There isn’t just one explanation. The assault on reproductive rights is intensifying now because of a convergence of several otherwise unrelated events that have created the perfect moment for the anti-choice movement to go for the kill.
Republicans have managed to score a couple of major victories against women’s rights in the past few years. Both of the main obstacles to dismantling reproductive rights — the Supreme Court and the Democrats — have buckled under anti-choice pressure, emboldening the movement to demand even more, including rollbacks on contraception access.
In 2007, the Supreme Court, with a 5-4 vote, upheld the Partial Birth Abortion Act, which not only set a precedent of the court validating a ban on an abortion procedure necessary to preserve some women’s lives, but also introduced a new justification to limit women’s rights. Justice Anthony Kennedy argued in the majority opinion that the D&X procedure could be banned in order to save women from the possibility of regret down the road. After this ruling, anti-choice bills sprung up like weeds, many of them rooted in this same assumption that women are too silly to be trusted to make their own decisions. Waiting periods, ultrasound requirements and forced “counseling” all make accessing abortion that much harder — even as each step is dressed up as protection for women against their own flightiness and inability to make good decisions.
But the bigger victory was getting a Democratic president to sign an executive order barring insurance companies from offering abortion coverage to customers who are using federal subsidies to pay for insurance. Barack Obama signed the order under duress; there was no way to pass his healthcare reform bill without doing so. But the lesson for Republicans was clear: When it comes to reproductive rights, they don’t actually need to be in charge to get their way. If reproductive rights can be exploited to nearly derail healthcare reform while the Democrats control Congress and the presidency, think of how much leverage the issue gives them now that they’ve gained control of the U.S. House and a bunch of new statehouses.
It’s hard to overstate how much Republican energy is invested in bringing the uteruses of America under right-wing control. The House went into an anti-choice frenzy upon being sworn in in January, passing two bills that would eliminate private insurance funding for abortion, one that would dramatically cut funding for international family planning, and the Pence Amendment, which would ban Planned Parenthood from receiving any federal funding. And in case the Pence Amendment doesn’t work, the House also zeroed out all funding for Title X, which subsidizes reproductive healthcare for low-income patients, in the continuing resolution that funds the federal budget.
For the right, rolling back reproductive rights is considered a worthy goal in its own right, but since the issue could also provoke a budget showdown that could result in a government shutdown, it’s also a useful tool in their effort to force Democrats to blink. As with their push to bust unions at the state level, Republicans stand to gain electorally by wreaking havoc on the pro-choice movement and undermining its ability to get out the vote for Democrats.

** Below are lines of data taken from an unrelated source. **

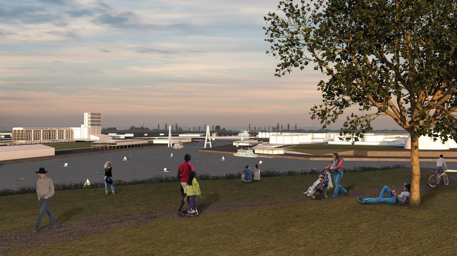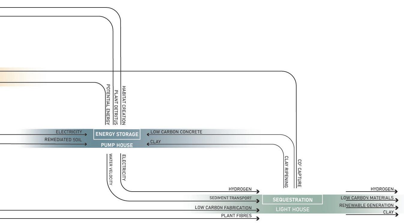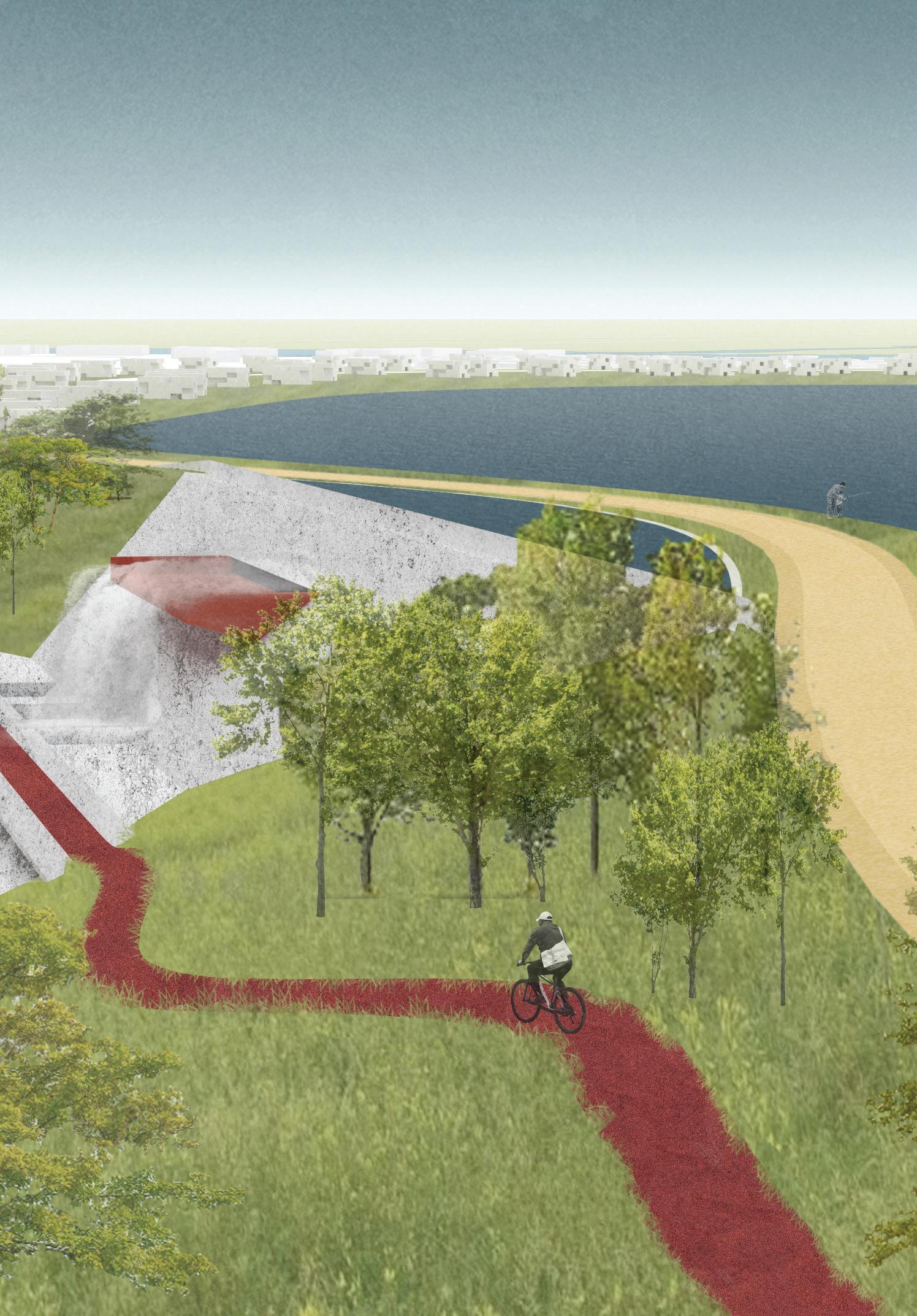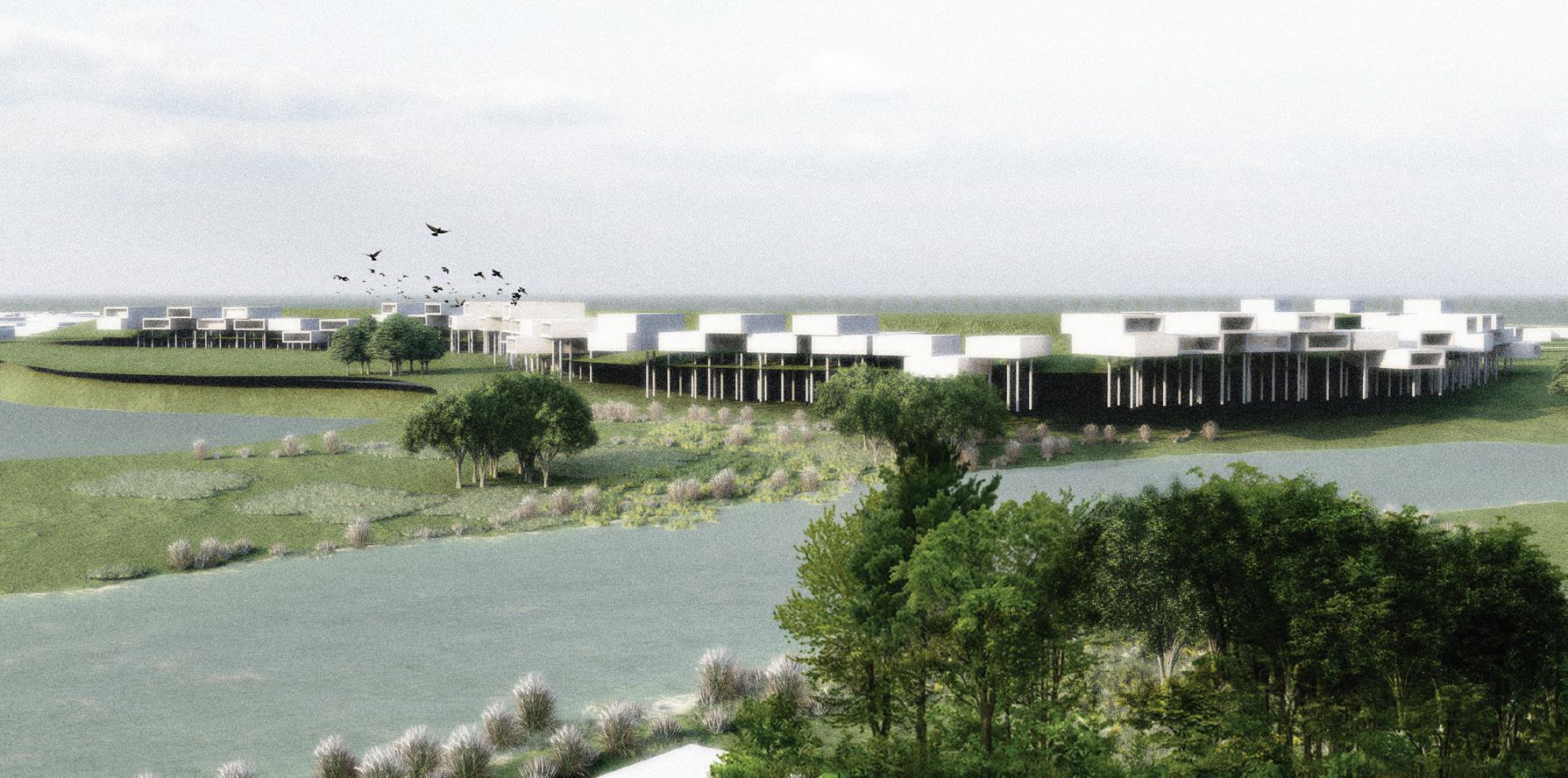 The Pump House creates an intertwined ecological energy landscape that offers views of the channel for residents of Channelview, while providing energy storage and lake-side living.
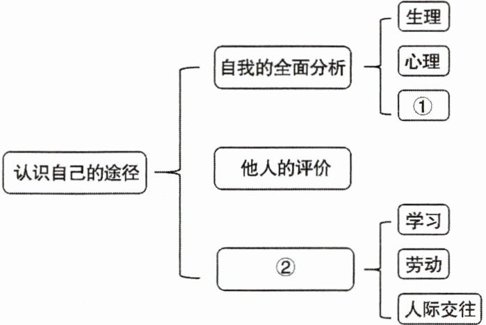 (2)①我们可以通过对自我的全面分析来认识自己。我们可以从生理、心理、社会关系等方面来认识自己。②我们可以通过他人的评价来认识自己。他人的评价是我们认识自己的一面镜子。我们要客观冷静地对待他人的评价,既不盲从也不轻视。③我们可以在生活实践中认识自己。学习、劳动、人际交往等生活实践,能够让我们更加了解自己的优势和不足。④认识自己是一个过程。随着年龄的增长、知识的积累、视野的开阔,我们不断发展自己、完善自己。
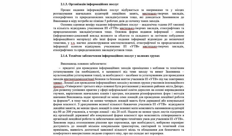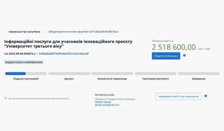 Управління з питань реалізації інноваційного проєкту «УТВ» Дніпровської міськради оголосило тендер на 2,5 млн грн на «Інформаційні послуги для учасників інноваційного проєкту «Університет третього віку». Термін надання послуг — до 31 грудня 2025 року.

On the state level, an unprecedented number of anti-choice bills are being introduced in response to the perceived anti-choice bent of the Supreme Court. Florida alone has introduced 18 separate anti-choice bills. Gov. Rick Perry of Texas has declared mandatory ultrasounds for abortion patients an emergency priority, and fast-tracked it through the Legislature. Three separate states have introduced bills that could legalize domestic terrorism against abortion providers, though a bill in South Dakota was withdrawn under pressure. Instead, that state’s Legislature moved on to pass the most draconian abortion law in the country, one that would require a woman to wait 72 hours for an abortion and listen to a lecture from an anti-choice activist before having an abortion. These examples represent just a tiny fraction of the anti-choice bills percolating through state legislatures.

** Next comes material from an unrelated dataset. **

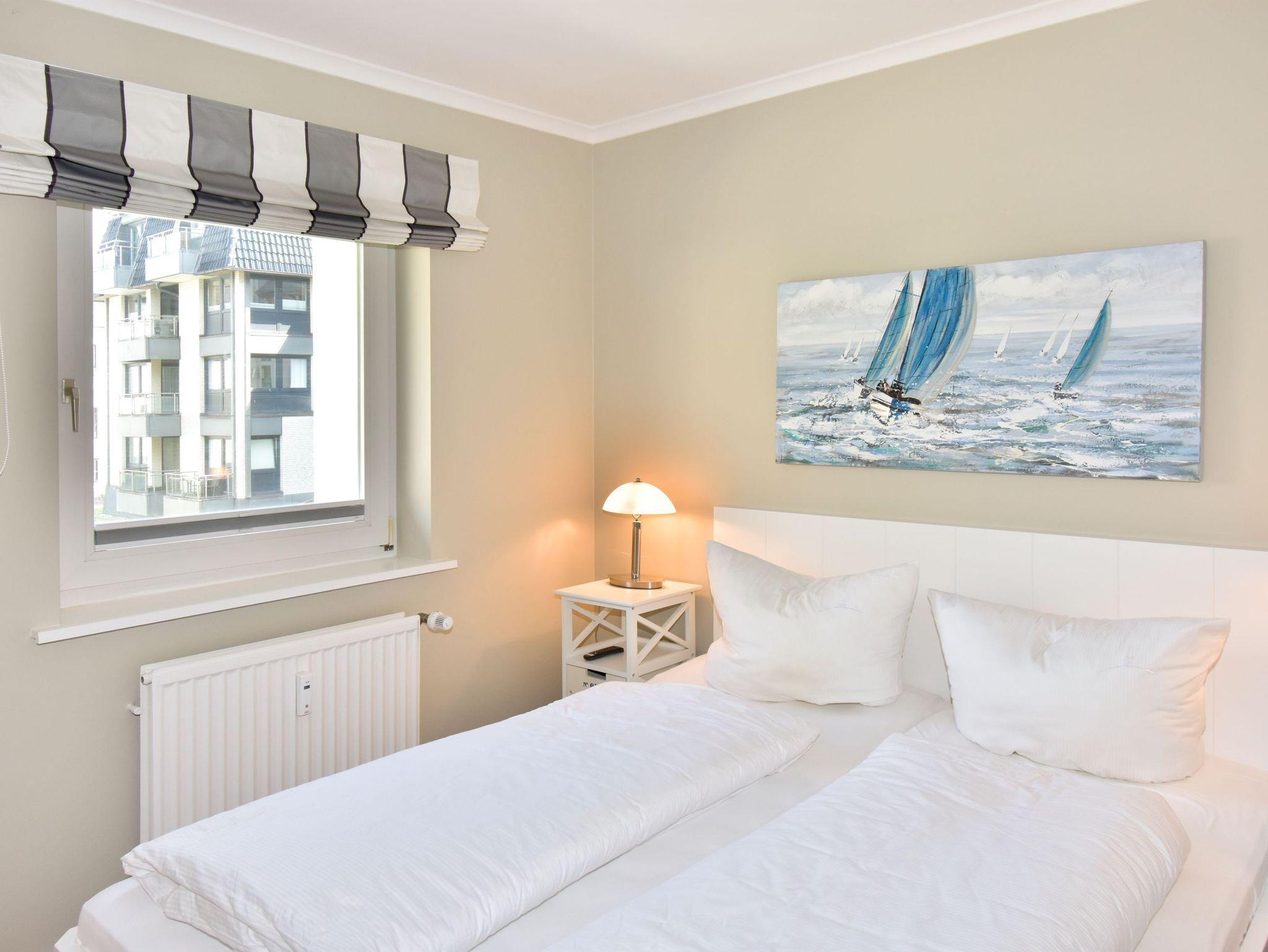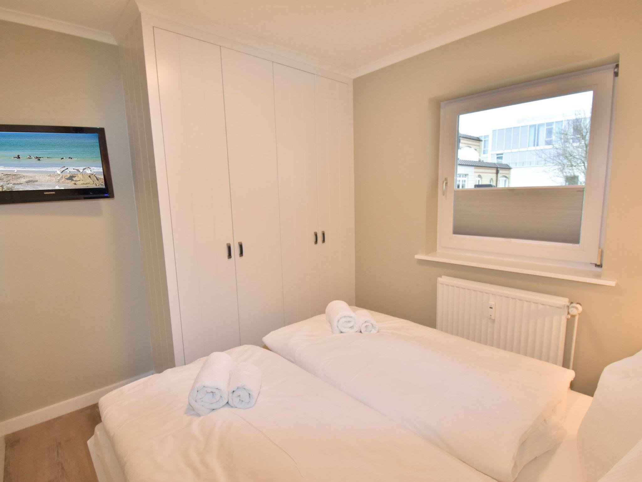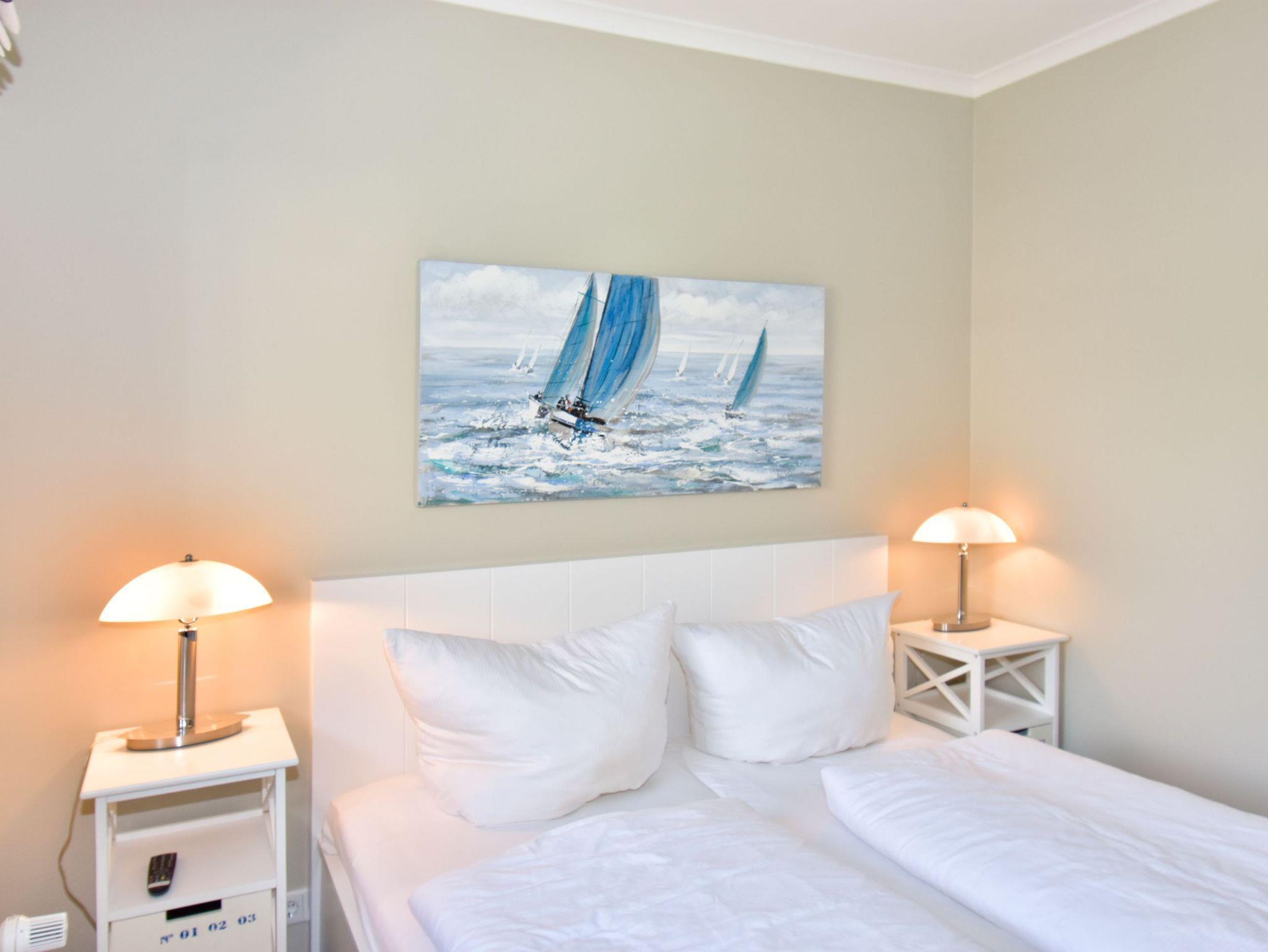 Das Schlafzimmer hat ein neues Doppelbett (Liegefläche 1,60 x 2m mit zwei Einzelmatratzen 0,80 x 2,00 m) mit verstellbarem Kopf- und Fußteil, einen Kleiderschrank mit LED-Innenbeleuchtung und einen weiteren Flachbild-TV.

Maybe this is all surprising. After all, haven’t we heard for the last two years that the Tea Party is more libertarian and less socially conservative? If you bought that line, congratulations — you’re ensconced in Beltway wisdom. The truth is that a new name for the same old conservative base hasn’t changed the nature of that base. Just as before, the “small government” conservatives and the religious right have a great deal of overlap. With gay rights waning as a powerful wedge issue, keeping the religious right motivated and ready to vote is harder than ever. Reproductive rights creates new incentives for church-organized activists to keep praying, marching, donating and, most important, voting for the GOP.
By: Amanda Marcotte, Salon War Room, March 27, 2011
Supreme Court: No ‘Personal Privacy’ Rights for Corporations Under Freedom Of Information Act
The U.S. Supreme Court ruled unanimously Tuesday that corporations do not have the same privacy rights as individuals when it comes to blocking requests for records under the Freedom of Information Act, the federal statute that requires the government to make available certain documents and records.
Writing for the court, Chief Justice John Roberts said that the language of the transparency law clearly precluded corporations like AT&T, the plaintiff in the case, from claiming it had “personal privacy” rights that could prevent the public release of certain requested information on file with government agencies. The case arose when a trade association representing some of AT&T’s competitors sought access to information the company had submitted to the Federal Communications Commission as part of an investigation into whether it had overcharged the government for services provided to schools and libraries. AT&T sued to block release of the information.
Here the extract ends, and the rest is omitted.